Omitting the images, transcribe the records below exactly as they stand.

Start of Block

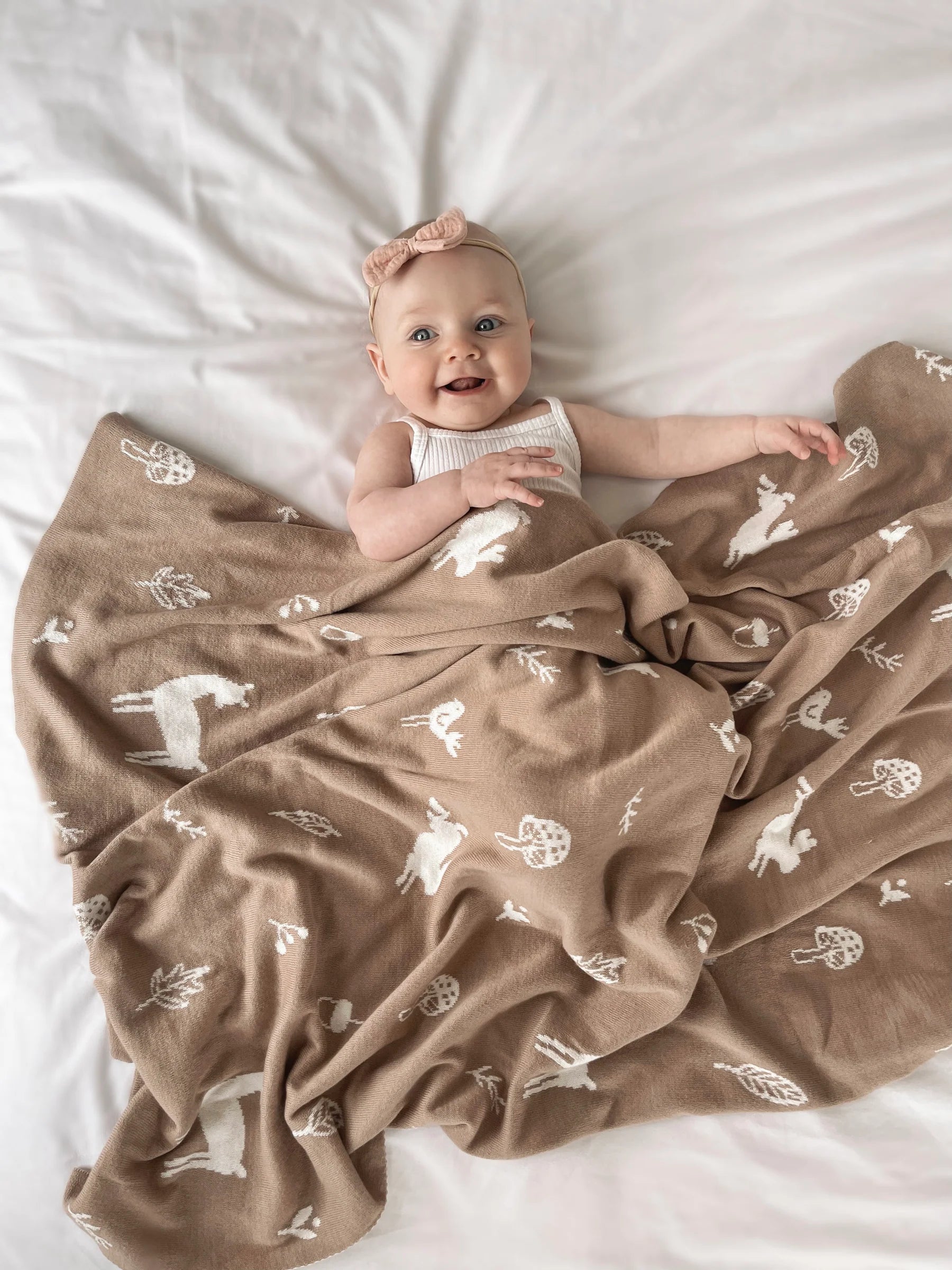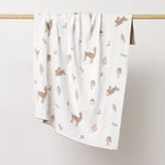 The organic cotton is soft, warm and cuddly. Perfect to use as a pram blanket, a cot layer or as a nursery décor item.
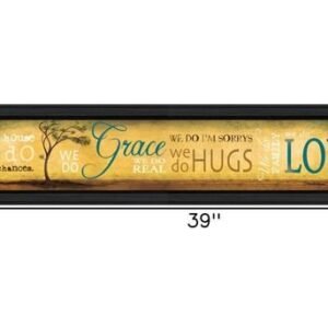 Bring some sizzle to your space with this eye-catching grace and love black framed print wall art. This print is a visual artistic expression that allows you to decorate your space in style. Reproduced for you on paper, this hanging decorative accent will be a trendy and fashionable way to dress your walls. Hang on your wall to add some up to date fashion and decoration. Instantly liven up your space with this art that brings color and dimension to your walls. 9-inch H x 39-inch W x 1-inch DIngredients: Size: Color: Made In: United States
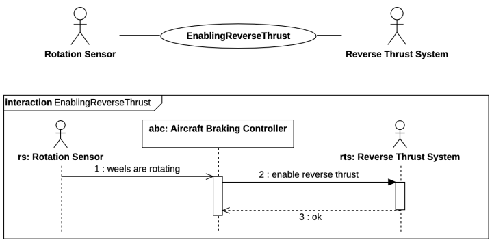 Modeling the braking logic of an Airbus aircraft using UML involves understanding the system’s core entities, their relationships, and dynamic behaviors, such as how reverse thrust is enabled when certain conditions are met. This approach provides a high-level representation of the system’s functionality but lacks the ability to fully express assertions about domain properties and requirements. As such, while UML offers a graphical overview, it must often be complemented with additional formal or informal descriptions to express critical logical assertions that UML cannot capture directly.
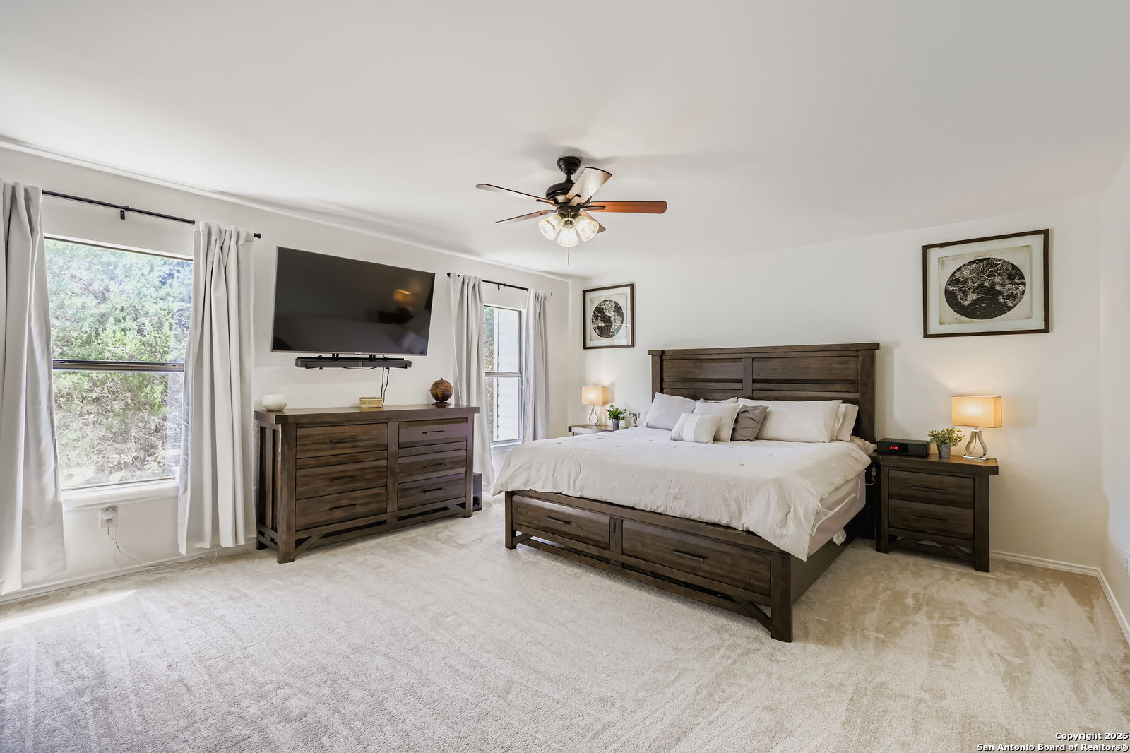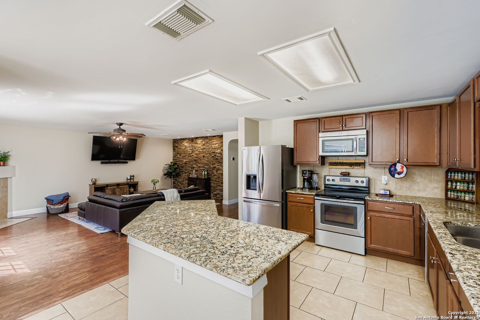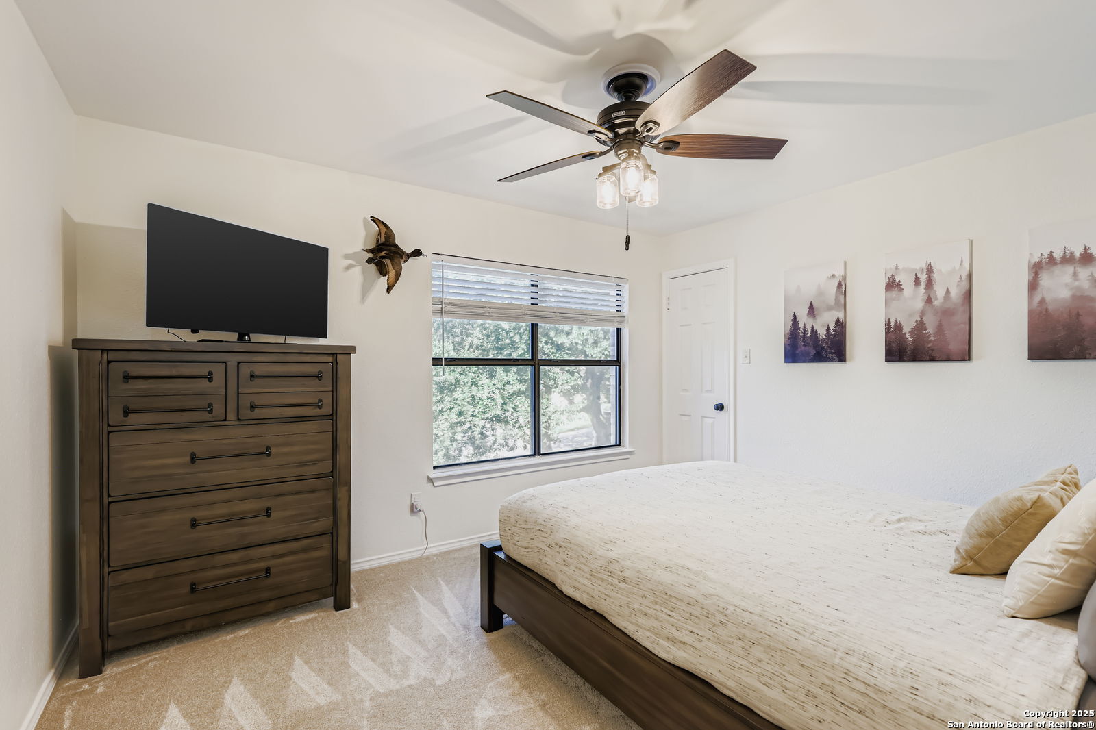 Welcome home - where updated comfort meets backyard bliss! Nestled at the end of a quiet cul-de-sac, this beautifully updated 4-bedroom, 2.5-bath gem sits on an oversized lot of over a quarter acre - a rare find inside the city limits. Competitively priced, this home offers flexible living, modern updates, and an outdoor retreat designed for both relaxation and functionality. Inside, you'll find fresh paint, removed popcorn ceilings, and new carpet (Oct 2023). A cozy wood-burning fireplace anchors the spacious living room- perfect for quiet evenings or lively gatherings. The kitchen shines with granite countertops, stainless steel appliances, an oversized pantry, and abundant prep space - ideal for cooking, hosting, or casual meals. The bright breakfast nook flows naturally from the kitchen, framed by large windows and stylish new lighting. The primary suite includes a private bath with double vanities and a flex space currently used as an office - perfect as a nursery, gym, library, meditation room, or cozy sitting area. Smart home upgrades include a Ring camera, Schlage smart lock, Ecobee thermostat, a 240V garage outlet (EV-ready or ideal for workshop tools), and hidden TV wiring in the living room for a clean, modern look. Step outside to your backyard oasis: a rebuilt deck (July 2025), custom fire pit built from backyard stone, solar Edison lights, a firewood cradle, and a thriving vegetable garden. The front yard features a sprawling green space, a covered entry, and an oversized driveway that fits up to 4 vehicles. Located in Longs Creek, this home offers easy access to shopping, dining, and is under 30 minutes from Fort Sam Houston, JBSA-Randolph, San Antonio Medical Center, and downtown - all just minutes from Loop 1604 and I-35. With a new roof (Aug 2023), new water heater (July 2024), and a home warranty plan through March 2026, this home is more than move-in ready, it's peace of mind.
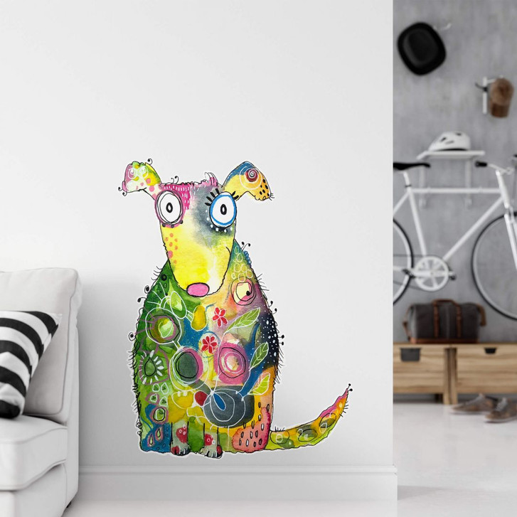 Das Motiv ist rundum mit einem weissen Rand (ca. 3 mm, je nach Motivgrösse) versehen! Das Wandtattoo mit dem bunten Hund ist in verschiedenen Grössen erhältlich.

End of Block

• _Written response_:
 The organic cotton is soft, warm and cuddly. Perfect to use as a pram blanket, a cot layer or as a nursery décor item.
 Bring some sizzle to your space with this eye-catching grace and love black framed print wall art. This print is a visual artistic expression that allows you to decorate your space in style. Reproduced for you on paper, this hanging decorative accent will be a trendy and fashionable way to dress your walls. Hang on your wall to add some up to date fashion and decoration. Instantly liven up your space with this art that brings color and dimension to your walls. 9-inch H x 39-inch W x 1-inch DIngredients: Size: Color: Made In: United States
 Modeling the braking logic of an Airbus aircraft using UML involves understanding the system’s core entities, their relationships, and dynamic behaviors, such as how reverse thrust is enabled when certain conditions are met. This approach provides a high-level representation of the system’s functionality but lacks the ability to fully express assertions about domain properties and requirements. As such, while UML offers a graphical overview, it must often be complemented with additional formal or informal descriptions to express critical logical assertions that UML cannot capture directly.
 Welcome home - where updated comfort meets backyard bliss! Nestled at the end of a quiet cul-de-sac, this beautifully updated 4-bedroom, 2.5-bath gem sits on an oversized lot of over a quarter acre - a rare find inside the city limits. Competitively priced, this home offers flexible living, modern updates, and an outdoor retreat designed for both relaxation and functionality. Inside, you'll find fresh paint, removed popcorn ceilings, and new carpet (Oct 2023). A cozy wood-burning fireplace anchors the spacious living room- perfect for quiet evenings or lively gatherings. The kitchen shines with granite countertops, stainless steel appliances, an oversized pantry, and abundant prep space - ideal for cooking, hosting, or casual meals. The bright breakfast nook flows naturally from the kitchen, framed by large windows and stylish new lighting. The primary suite includes a private bath with double vanities and a flex space currently used as an office - perfect as a nursery, gym, library, meditation room, or cozy sitting area. Smart home upgrades include a Ring camera, Schlage smart lock, Ecobee thermostat, a 240V garage outlet (EV-ready or ideal for workshop tools), and hidden TV wiring in the living room for a clean, modern look. Step outside to your backyard oasis: a rebuilt deck (July 2025), custom fire pit built from backyard stone, solar Edison lights, a firewood cradle, and a thriving vegetable garden. The front yard features a sprawling green space, a covered entry, and an oversized driveway that fits up to 4 vehicles. Located in Longs Creek, this home offers easy access to shopping, dining, and is under 30 minutes from Fort Sam Houston, JBSA-Randolph, San Antonio Medical Center, and downtown - all just minutes from Loop 1604 and I-35. With a new roof (Aug 2023), new water heater (July 2024), and a home warranty plan through March 2026, this home is more than move-in ready, it's peace of mind.
 Das Motiv ist rundum mit einem weissen Rand (ca. 3 mm, je nach Motivgrösse) versehen! Das Wandtattoo mit dem bunten Hund ist in verschiedenen Grössen erhältlich.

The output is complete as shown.